In the records below, print each line exactly and leave every image out.

* Stored items from a collection *
----------------

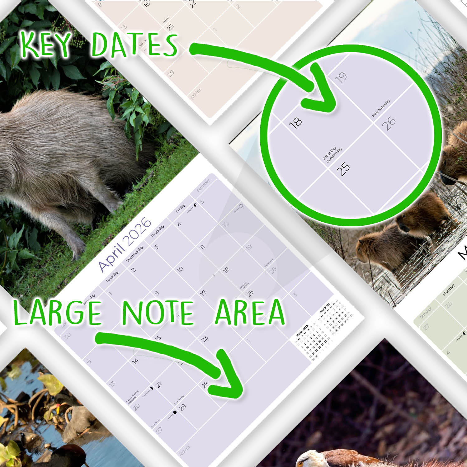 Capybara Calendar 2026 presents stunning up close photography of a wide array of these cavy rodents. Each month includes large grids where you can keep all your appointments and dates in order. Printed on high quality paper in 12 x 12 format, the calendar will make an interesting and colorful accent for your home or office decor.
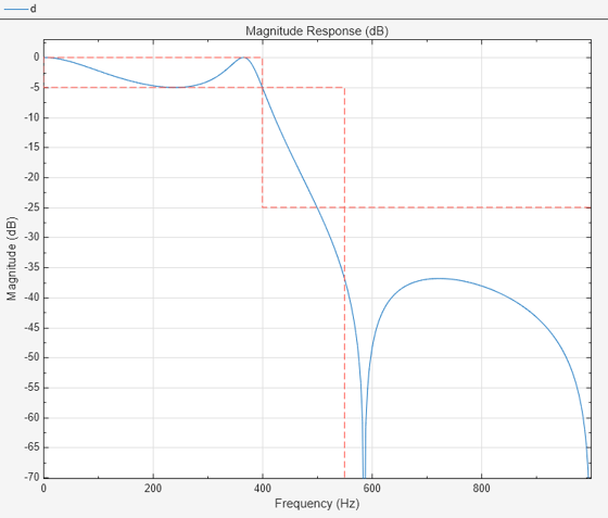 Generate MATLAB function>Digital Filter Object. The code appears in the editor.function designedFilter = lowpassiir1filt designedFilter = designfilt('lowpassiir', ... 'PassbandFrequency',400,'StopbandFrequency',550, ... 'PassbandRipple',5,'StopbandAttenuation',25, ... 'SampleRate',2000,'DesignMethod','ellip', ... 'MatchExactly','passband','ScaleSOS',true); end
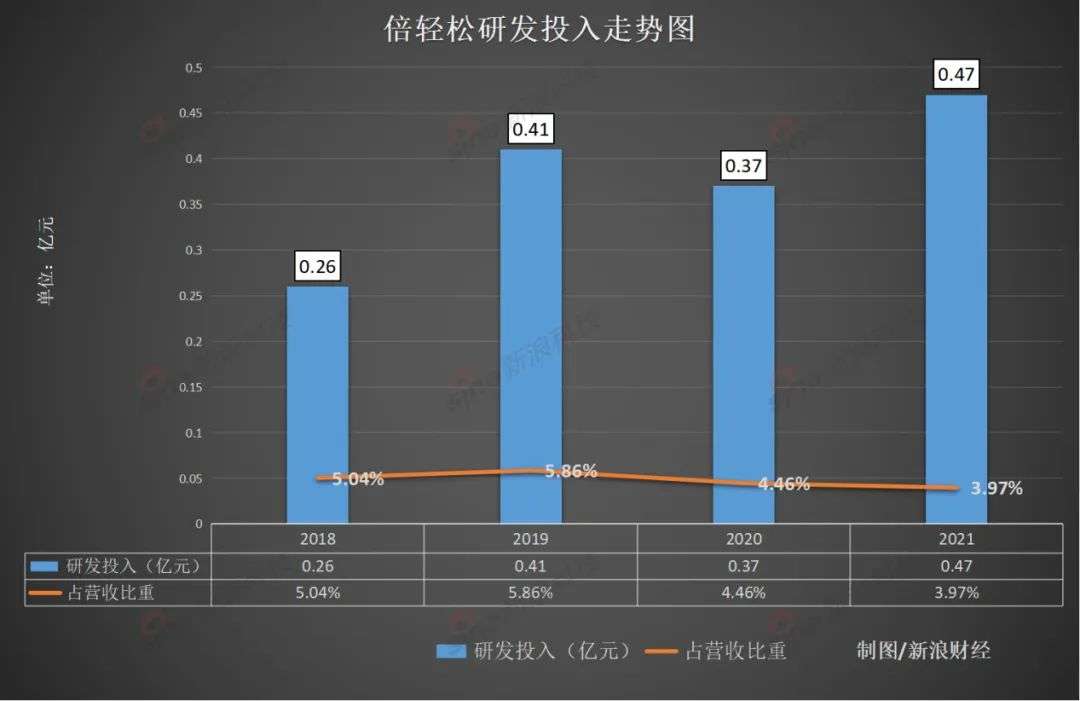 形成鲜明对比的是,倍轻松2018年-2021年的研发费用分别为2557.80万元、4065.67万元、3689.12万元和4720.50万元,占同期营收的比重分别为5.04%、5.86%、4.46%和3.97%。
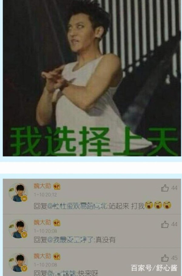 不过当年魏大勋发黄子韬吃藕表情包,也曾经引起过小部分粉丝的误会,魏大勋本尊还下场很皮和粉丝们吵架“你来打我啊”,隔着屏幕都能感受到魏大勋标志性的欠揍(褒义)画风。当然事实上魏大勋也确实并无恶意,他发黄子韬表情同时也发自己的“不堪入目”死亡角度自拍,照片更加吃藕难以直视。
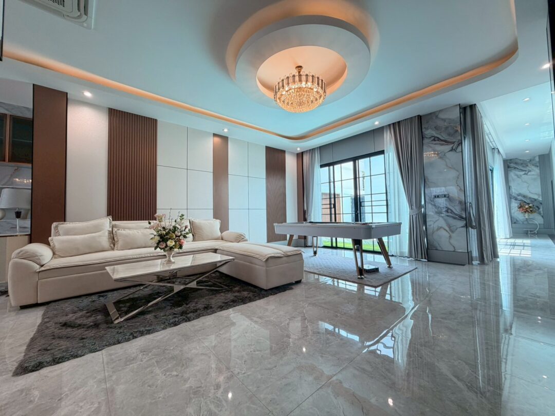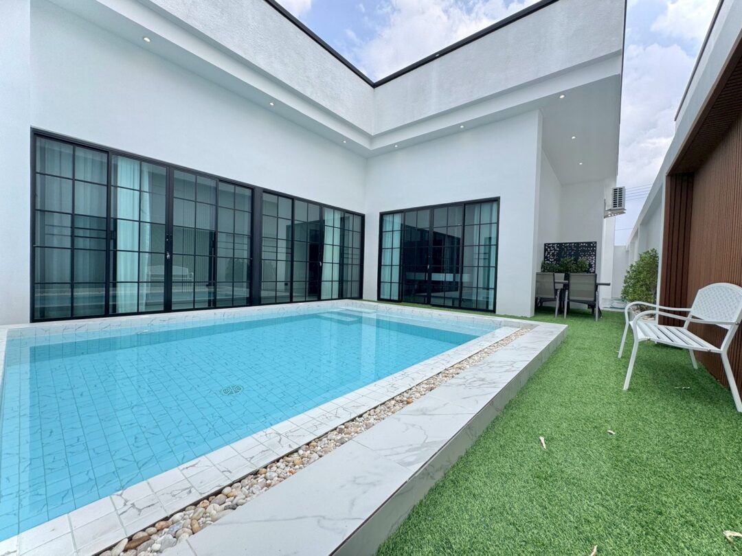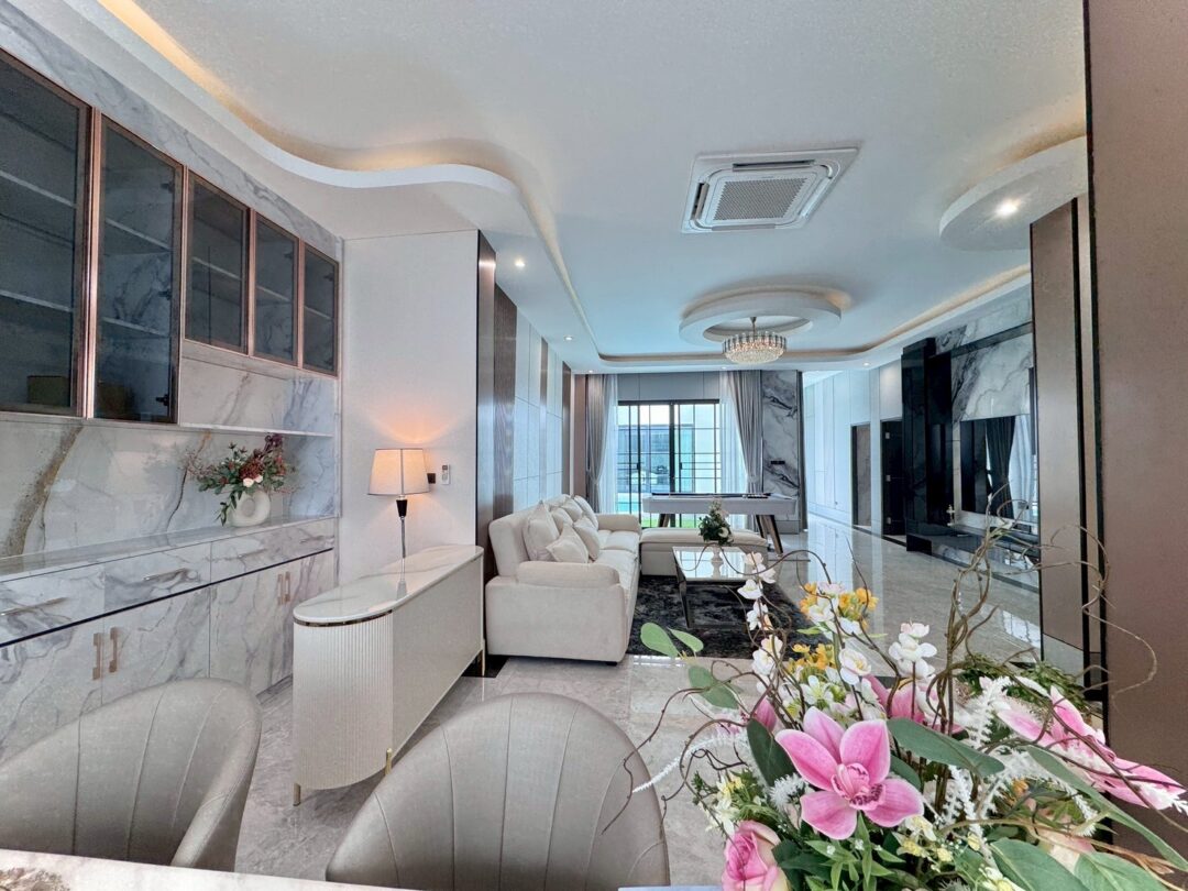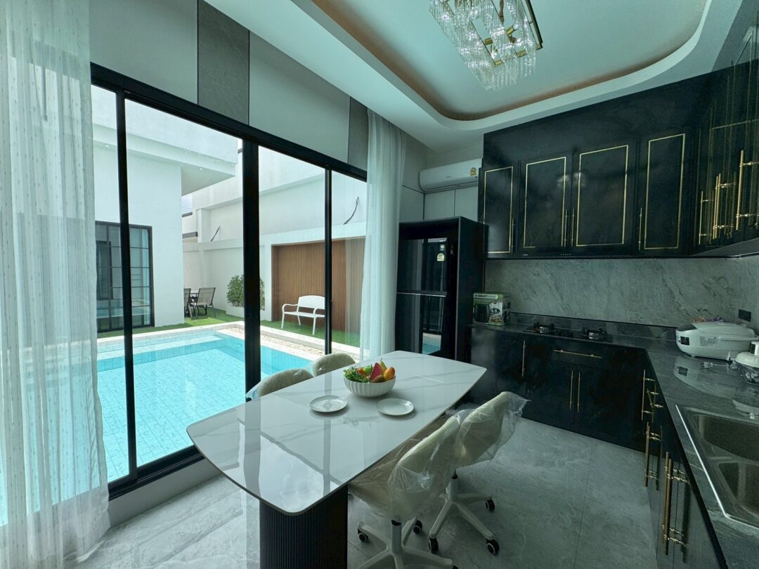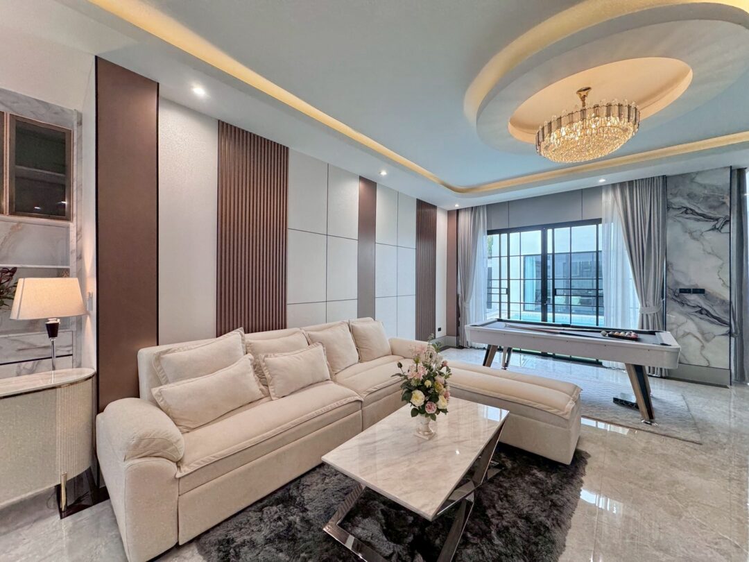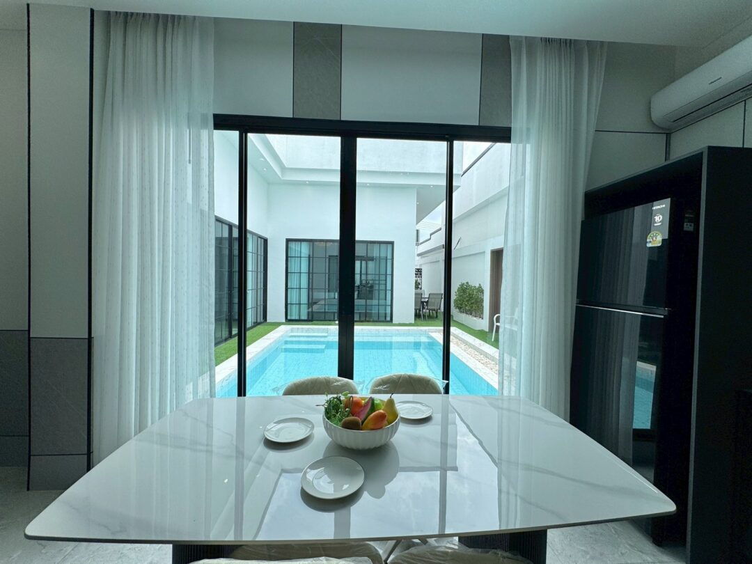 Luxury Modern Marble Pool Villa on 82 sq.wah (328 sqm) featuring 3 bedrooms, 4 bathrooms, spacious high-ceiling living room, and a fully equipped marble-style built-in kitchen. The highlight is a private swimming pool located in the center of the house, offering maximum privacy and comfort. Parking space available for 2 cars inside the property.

----------------

* Result *
 Capybara Calendar 2026 presents stunning up close photography of a wide array of these cavy rodents. Each month includes large grids where you can keep all your appointments and dates in order. Printed on high quality paper in 12 x 12 format, the calendar will make an interesting and colorful accent for your home or office decor.
 Generate MATLAB function>Digital Filter Object. The code appears in the editor.function designedFilter = lowpassiir1filt designedFilter = designfilt('lowpassiir', ... 'PassbandFrequency',400,'StopbandFrequency',550, ... 'PassbandRipple',5,'StopbandAttenuation',25, ... 'SampleRate',2000,'DesignMethod','ellip', ... 'MatchExactly','passband','ScaleSOS',true); end
 形成鲜明对比的是,倍轻松2018年-2021年的研发费用分别为2557.80万元、4065.67万元、3689.12万元和4720.50万元,占同期营收的比重分别为5.04%、5.86%、4.46%和3.97%。
 不过当年魏大勋发黄子韬吃藕表情包,也曾经引起过小部分粉丝的误会,魏大勋本尊还下场很皮和粉丝们吵架“你来打我啊”,隔着屏幕都能感受到魏大勋标志性的欠揍(褒义)画风。当然事实上魏大勋也确实并无恶意,他发黄子韬表情同时也发自己的“不堪入目”死亡角度自拍,照片更加吃藕难以直视。
 Luxury Modern Marble Pool Villa on 82 sq.wah (328 sqm) featuring 3 bedrooms, 4 bathrooms, spacious high-ceiling living room, and a fully equipped marble-style built-in kitchen. The highlight is a private swimming pool located in the center of the house, offering maximum privacy and comfort. Parking space available for 2 cars inside the property.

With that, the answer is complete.